MIPI Explained: How Data Travels Between Devices
A modern camera can generate millions of pixels every second, and a display needs to update those pixels continuously. How can all that information travel through just a few wires?
That's where MIPI comes in.
Why MIPI?
Older display interfaces such as RGB used many parallel data lines.
As display resolution increased, designers faced several challenges:
- More PCB routing
- Larger connectors
- Higher EMI
- Increased system cost
MIPI solves this by converting parallel data into high-speed serial data.

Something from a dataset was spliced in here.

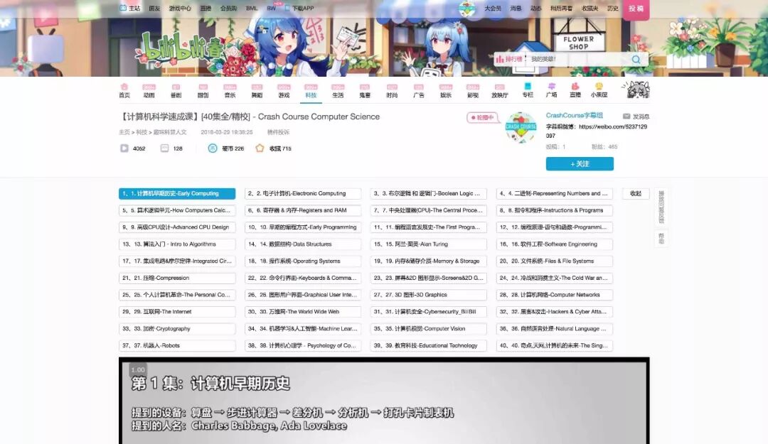 4 撒花 计算机科学速成计算机速成课 | Crash Course 字幕组 (全40集 2018-5-1 精校完成) 。

Instead of using dozens of signals, data is transmitted through a small number of high-speed lanes.
Two Parts of MIPI
Protocol Layer
The protocol decides:
- What data is being sent
- How it is organized
- How the receiver interprets it
Examples:
- CSI-2 for cameras
- DSI-2 for displays
You can think of the protocol layer as data packaging.
PHY Layer
The PHY decides:
- Voltage levels
- Timing
- Clocking
- Electrical signaling
You can think of the PHY layer as the transportation system.
D-PHY and C-PHY
D-PHY is the most commonly used MIPI physical layer.

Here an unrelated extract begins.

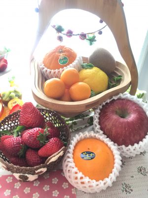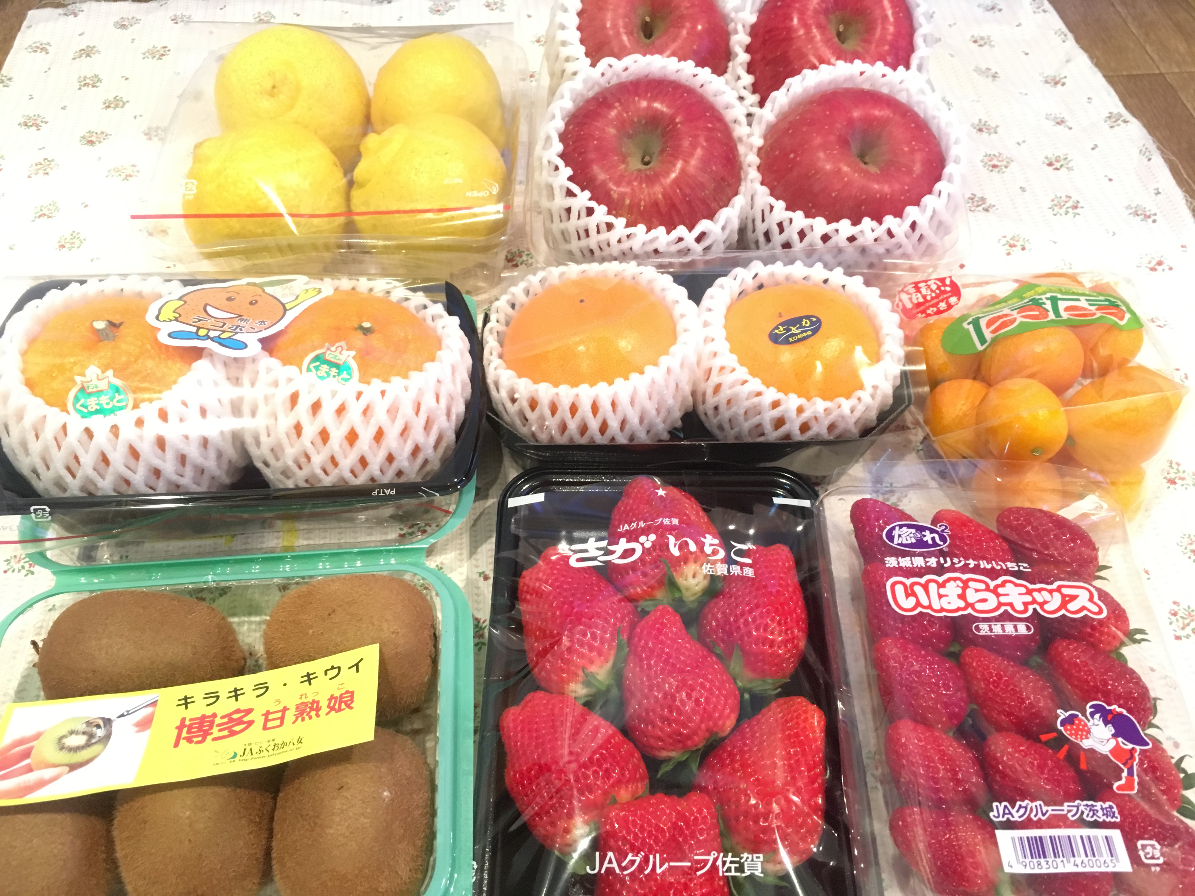 いちご「佐賀i9号」佐賀県産・「いばらキッス」(茨城県産)・黄色いけれど酸味はまろやか、はるか(長崎県産)・濃厚な甘みのデコポン(熊本県産)・果汁たっぷりジューシーな せとか(愛媛県産)・完熟金柑「たまたま」(宮崎県産)・サンふじりんご(青森県産)・キウイフルーツ(福岡県産)

Each lane consists of two signals:
- D+
- D-
The receiver looks at the voltage difference between the two wires rather than the voltage on a single wire.
This improves noise immunity and reduces EMI.
C-PHY is a newer MIPI physical layer designed to provide higher bandwidth with fewer connections.
Each lane consists of three signals:
- Dp or A
- Dn or B
- Dc or C
These three wires form a trio.
Unlike D-PHY, C-PHY does not use traditional differential pairs. Instead, the receiver looks at the relative voltage relationship between the three wires and decodes the data from the different signal states.
This allows more information to be transferred per symbol compared to D-PHY.
Benefits of C-PHY:
- Higher bandwidth with fewer pins
- Reduced connector size
- Better PCB routing efficiency
- Suitable for high-resolution cameras and displays
Common applications:
- High-resolution camera sensors
- 4K/8K displays
- Advanced automotive infotainment systems
- ADAS camera systems
DSI Example Calculation
Suppose we have:
Display Resolution = 1920 × 1080
Refresh Rate = 60 Hz
Color Depth = 24 bits/pixel
Pixel Rate:
1920 × 1080 × 60
= 124.4 Million Pixels/sec
Required Bandwidth:
124.4M × 24
= 2.98 Gbps
Ignoring protocol overhead, the display needs approximately 3 Gbps.
If we use:
4 D-PHY lanes
Bandwidth per lane:
3 Gbps ÷ 4
= 750 Mbps/lane
A 500 MHz DDR clock provides:
1 Gbps/lane
which is sufficient for this display.
What Does "Double Data Rate" Mean?
One thing that often confuses engineers is the D-PHY clock.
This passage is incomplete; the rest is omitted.